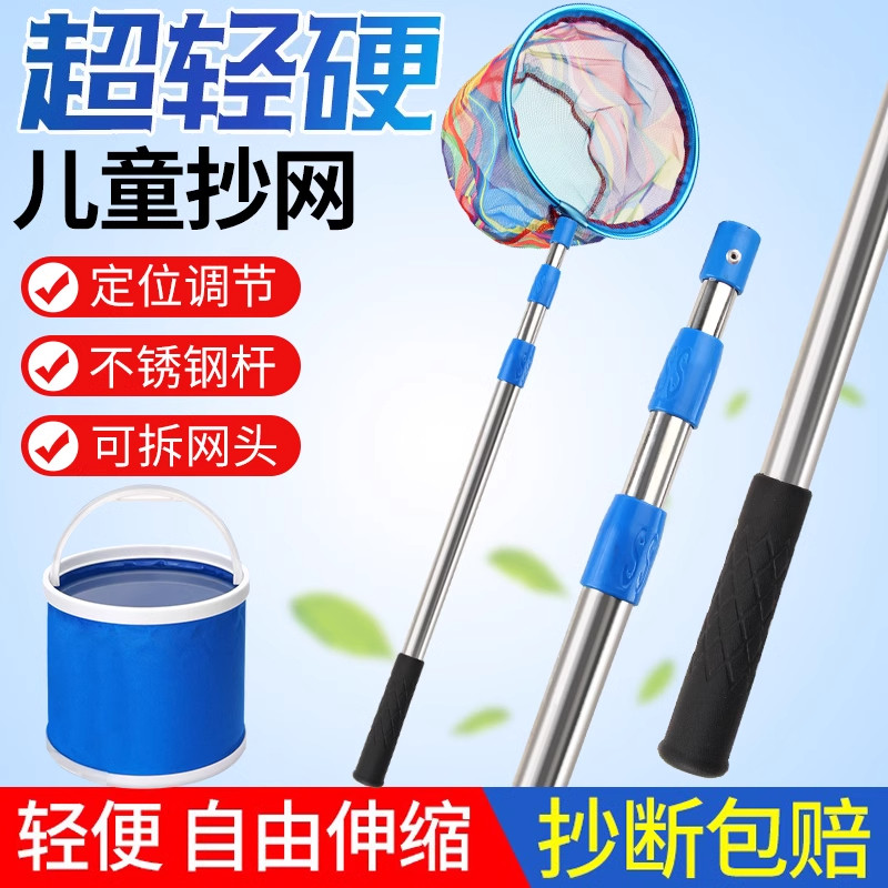 儿童抄网超轻伸缩捞鱼网抄网杆小孩捞鱼小鱼小虾加厚钓鱼全套网兜
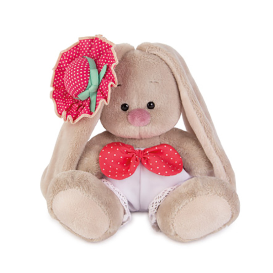 Зайка в беленьких панталончиках из х/б ткани, украшенных хлопковым кружевом и мягким бантом из кораллового ситца в белый горошек. На ушке у Зайки маленькая шляпка из алого ситца в горошек. По кругу на шляпке атласная ленточка, завязанная в бант мятного цвета.
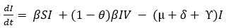 Moreover, the susceptible compartment is open and can only increase by birth at a rate of λ and also decrease at a rate of β due to progression into the infected compartment and via vaccination at σ rate, as well as natural death at a rate of μ. The infected class is populated through the progression of infected unvaccinated susceptible individuals (β) and inefficiently vaccinated (1-θ) children. The infected compartment decreases at a recovery rate of γ and by both natural (μ) and disease-related (δ) mortality. The vaccinated V group is generated by the susceptible individuals who received measles vaccination at a rate of σ, but its size reduces due to natural death and waning of the vaccine at a rate of (1-θ). The recovered R class increases by a γ rate via natural immunity after infection. However, individuals do not revert to the susceptible compartment after recovery due to life immunity in measles.
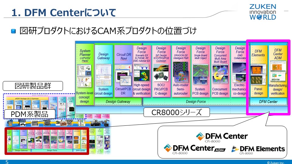 DFM Centerは、CR-8000シリーズにおける構想設計から回路設計、基板設計の工程に続く製造設計/DFM検証環境のCAMとして位置付けられています。図研では、DFM Center 以外にも、DFM Elements 、DFM Center /ADM の3つのCAM製品を提供しています。
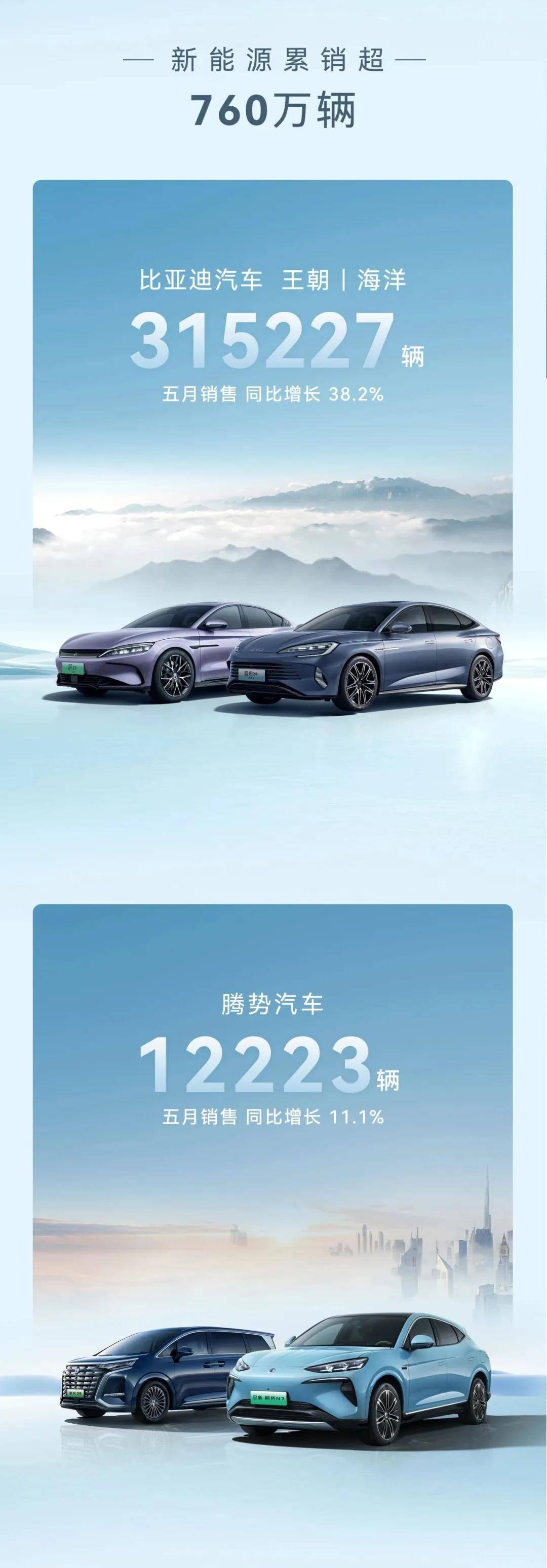 比亞迪5月銷售331,817輛,含乘用車出口37,499輛,同比增加38.2%。截止今年5月,比亞迪汽車年度銷售總量已經126萬輛,確實是當之無愧的第一名。

## What the exercise asks
Type the listing above out again exactly, and omit all pictures.

## Answer area
 儿童抄网超轻伸缩捞鱼网抄网杆小孩捞鱼小鱼小虾加厚钓鱼全套网兜
 Зайка в беленьких панталончиках из х/б ткани, украшенных хлопковым кружевом и мягким бантом из кораллового ситца в белый горошек. На ушке у Зайки маленькая шляпка из алого ситца в горошек. По кругу на шляпке атласная ленточка, завязанная в бант мятного цвета.
 Moreover, the susceptible compartment is open and can only increase by birth at a rate of λ and also decrease at a rate of β due to progression into the infected compartment and via vaccination at σ rate, as well as natural death at a rate of μ. The infected class is populated through the progression of infected unvaccinated susceptible individuals (β) and inefficiently vaccinated (1-θ) children. The infected compartment decreases at a recovery rate of γ and by both natural (μ) and disease-related (δ) mortality. The vaccinated V group is generated by the susceptible individuals who received measles vaccination at a rate of σ, but its size reduces due to natural death and waning of the vaccine at a rate of (1-θ). The recovered R class increases by a γ rate via natural immunity after infection. However, individuals do not revert to the susceptible compartment after recovery due to life immunity in measles.
 DFM Centerは、CR-8000シリーズにおける構想設計から回路設計、基板設計の工程に続く製造設計/DFM検証環境のCAMとして位置付けられています。図研では、DFM Center 以外にも、DFM Elements 、DFM Center /ADM の3つのCAM製品を提供しています。
 比亞迪5月銷售331,817輛,含乘用車出口37,499輛,同比增加38.2%。截止今年5月,比亞迪汽車年度銷售總量已經126萬輛,確實是當之無愧的第一名。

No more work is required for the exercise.